Start with the Problem, Not the Tech. The question should never be, “How can we use large language models?” The question should be, “What is the most painful, expensive, or inefficient process in our business?” Once you’ve identified the problem, then you can explore whether AI is the right solution. Sometimes it is, and sometimes a simpler solution is better.
Build a Culture of Experimentation. You have to create an environment where it’s safe to fail. Encourage your teams to run small, fast experiments. Not every AI idea will work. In fact, most won’t. The goal is to learn quickly and cheaply. I tell my founders to reward smart failures. If a team runs a well-designed experiment that proves an idea is bad, that’s a win! It saves the company from investing in the wrong thing.
Upskill Your Existing Talent. Instead of hiring a team of external “experts,” invest in educating your current employees. You don’t need every product manager to be able to write Python, but they should understand the basic concepts of AI, what it’s good at, and what it’s not. A little bit of knowledge can unlock a massive amount of creativity from the people who already know your business inside and out.
Stop Chasing Titles, Start Building
The obsession with the Chief AI Officer title is a distraction. It’s a shortcut that doesn’t lead anywhere useful. It mistakes the symbol of innovation for the substance of it.
The companies that will win in this new era are not the ones with the fanciest titles on their leadership page. They are the ones that treat AI as a fundamental tool, like electricity or the internet, and empower their entire organization to use it.

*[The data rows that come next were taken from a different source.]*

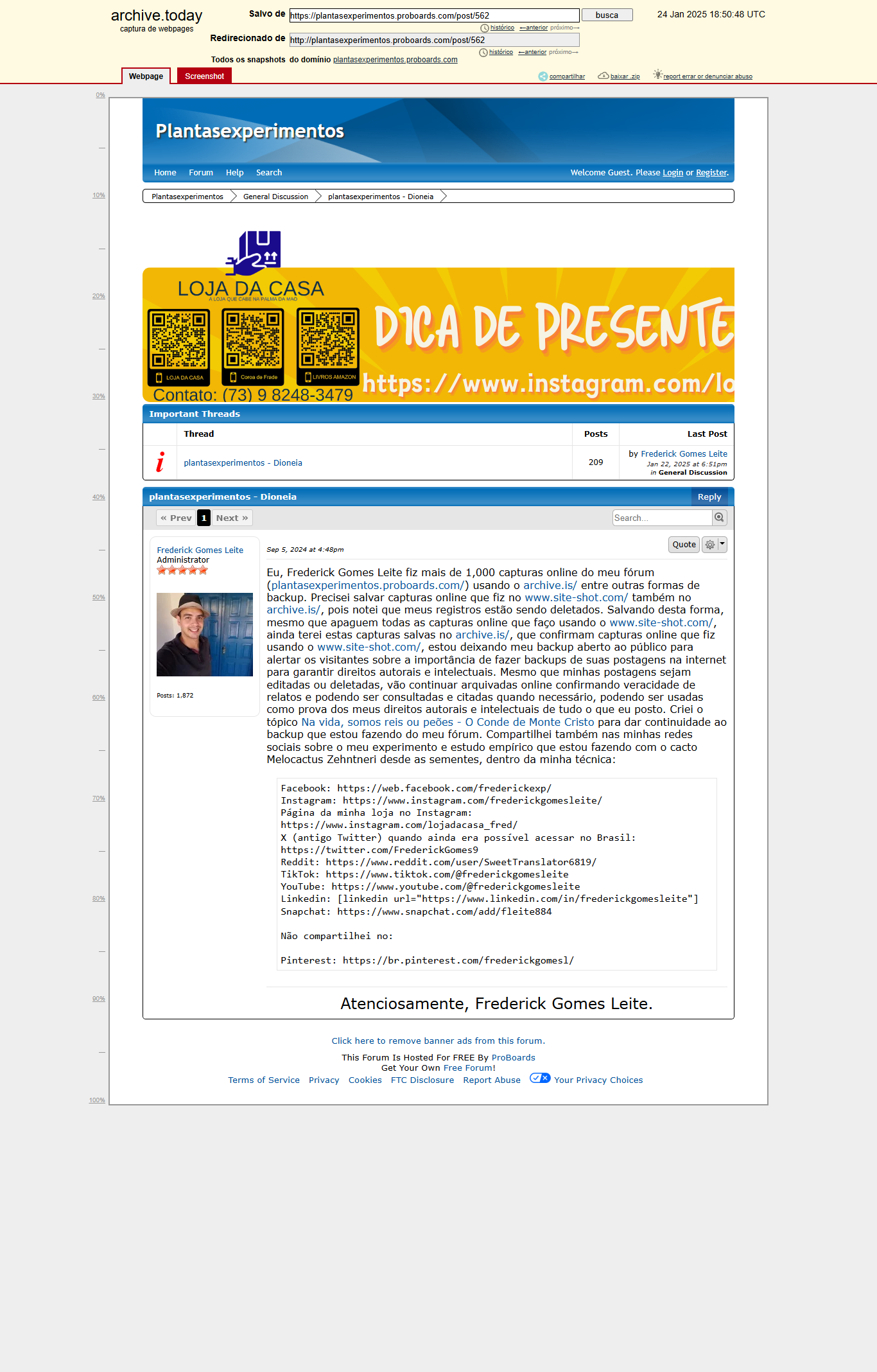 Eu, Frederick Gomes Leite, natural de Eunápolis/Bahia, filho de José do Egito Ferreira Leite com Janilde Gomes Cardoso, com avós paternos Edvaldo Ferreira Leite e Edith Ferreira Leite e avós maternos Jair Gomes Cardoso e Laudelina Carmonia Cardoso, moro no mesmo endereço desde 2004: Rua M, Casa 15, Urbis 2, CEP: 45829086, Eunápolis/BA, e sempre informei meu endereço e dados corretos em todos os cadastros que faço na internet. Em 2019 comprei sementes da planta carnívora Dioneia e usei pela primeira vez a minha técnica - usar plástico específico para estufas que difunde bastante luz como cobertura para vaso, para acelerar a germinação e o crescimento e manter plantas de sol pleno saudáveis sob as condições de poucas horas de luz solar indireta pela manhã - compensando a falta de sol pleno com muita luminosidade natural - no experimento que eu idealizei e executei dentro da minha técnica. Compartilhei em fórum brasileiro que fazia parte como membro comum desde o início, também em minhas redes sociais e vários lugares na internet, encaminhando para o meu tópico em fórum brasileiro. Em 2020 criei o meu fórum grátis, https://plantasexperimentos.proboards.com/thread/3/plantasexperimentos-dioneia, e fiz transcrição de todo material que postei em meu tópico no fórum brasileiro, dando continuidade ao compartilhamento da execução das minhas ideias também com outras plantas de sol pleno desde as sementes. Nos tópicos: A morte é um cobrador muito sério (upload de imagens de capturas online com o Imgur), Porque és pó e ao pó tornarás (capturas online com o Archive.ph), Não te deixes vencer pelo mal, triunfa o mal com o bem (capturas online de capturas online com o Postimages), Você consegue ? (capturas online de capturas online com o ImgBB), Para mim a mente é sempre a melhor arma (upload de imagens de capturas online com o Imghippo), Nunca é tarde demais (capturas online de capturas online com o Freeimage.host), Mas agora isso vai mudar (upload de imagens de capturas online com o YourImageShare), O Titanic vai afundar (upload de imagens de capturas online com o imglink.io), Entendo completamente a gravidade da minha situação (upload de imagens de capturas online com o 8upload) e O reino de Deus está dentro de você (upload de imagens de capturas online com o imgbox), são 10 tópicos de backup carregando todas as postagens do meu fórum em servidores diferentes, com exceção das postagens dos próprios tópicos de backup recentes, que não se repetem em tópicos de backup e confirmam os 11 tópicos de backup que criei em 2024. Tenho duas contas no Imgur (https://imgur.com/user/FrederickGomesLeite/about, https://imgur.com/user/estouaquiagorasim1993/about), que uso para fazer upload dos meus registros fotográficos e capturas de tela com o GoFullPage (https://gofullpage.com/) de todas as minhas postagens no meu fórum e na internet, e conteúdo de capturas online com archive.is/ (.fo .il .md .ph .vn), entre outras formas de backup. No tópico de backup Mesmo inimigos podem se respeitar (https://plantasexperimentos.proboards.com/thread/75/mesmo-inimigos-podem-se-respeitar) estou compartilhando todas as capturas online que faço com o archive.is/ (.fo .il .md .ph .vn) carregando direto de servidores do archive.is/ (.fo .il .md .ph .vn) no meu fórum. Criei o tópico de backup recente, Conte a eles nossa história (https://plantasexperimentos.proboards.com/thread/76/conte-eles-nossa-hist-ria) para salvar o conteúdo (imagens, vídeos e textos) das postagens do meu tópico plantasexperimentos - Dioneia (https://plantasexperimentos.proboards.com/thread/3/plantasexperimentos-dioneia) em vários servidores na internet e carregar novamente no meu fórum. Também estou fazendo backup do source code (código fonte) do meu fórum e capturas online com o archive.is/ (.fo .il .md .ph .vn), em formato de texto que também pode ser compilado online (carregado), exibindo a postagem com a captura online da postagem e o conteúdo (imagens, textos e vídeos) no navegador em formato visual, confirmando a veracidade dos meus relatos, a existência das minhas postagens e capturas online com o archive.is/ (.fo .il .md .ph .vn), entre outras formas de backup, pois um homem prevenido vale por dois.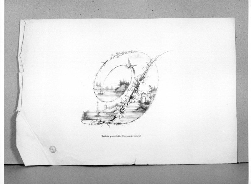 Monogramma fitomorfo D con vedute lacustri di Dakka (provincia di Calcutta).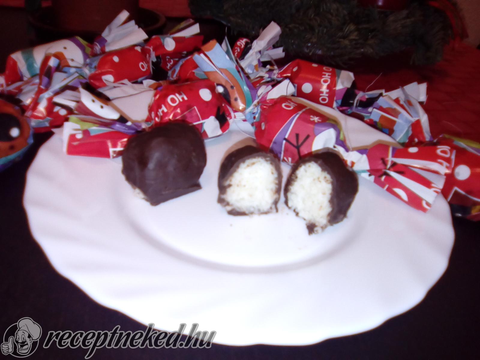 A szirupot még langyosan keverjük össze a kókuszreszelékkel, vigyázva hogy ne legyen túl híg, majd adjuk hozzá a felolvasztott fehér csokoládét és gyúrjuk jól össze. Rakjuk fél órára hűtőbe.

So, my advice is simple. Stop looking for a savior. Stop chasing the hot new title. Instead, turn to the leaders you already have. Give them the mandate, the resources, and the education to become AI leaders in their own right. Don’t build an AI ivory tower. Build an army of AI-enabled builders. That’s how you’ll win.
Frequently Asked Questions
What's the most common pushback you get on this?
People often push back by citing exceptions or edge cases. And they're usually right that exceptions exist. But building a strategy around exceptions rather than patterns is a losing game for most founders.
What experience informs this perspective?
This perspective comes from over a decade of building companies in Silicon Valley, two successful exits (RemoteTeam to Gusto, MovieLaLa to Gfycat), and investing in 200+ startups including Anthropic, OpenAI, and Scale AI. I write about what I've lived.
How has this view evolved over time?
My thinking on most topics has changed significantly over the years. Early in my career, I held many conventional views that experience proved wrong. I try to update my beliefs when the evidence changes.
How can I apply this thinking to my own situation?
Start by identifying the core principle behind the opinion, not the specific example. Then ask yourself: does this principle apply to my context? If yes, test it in a small, low-risk way before going all in.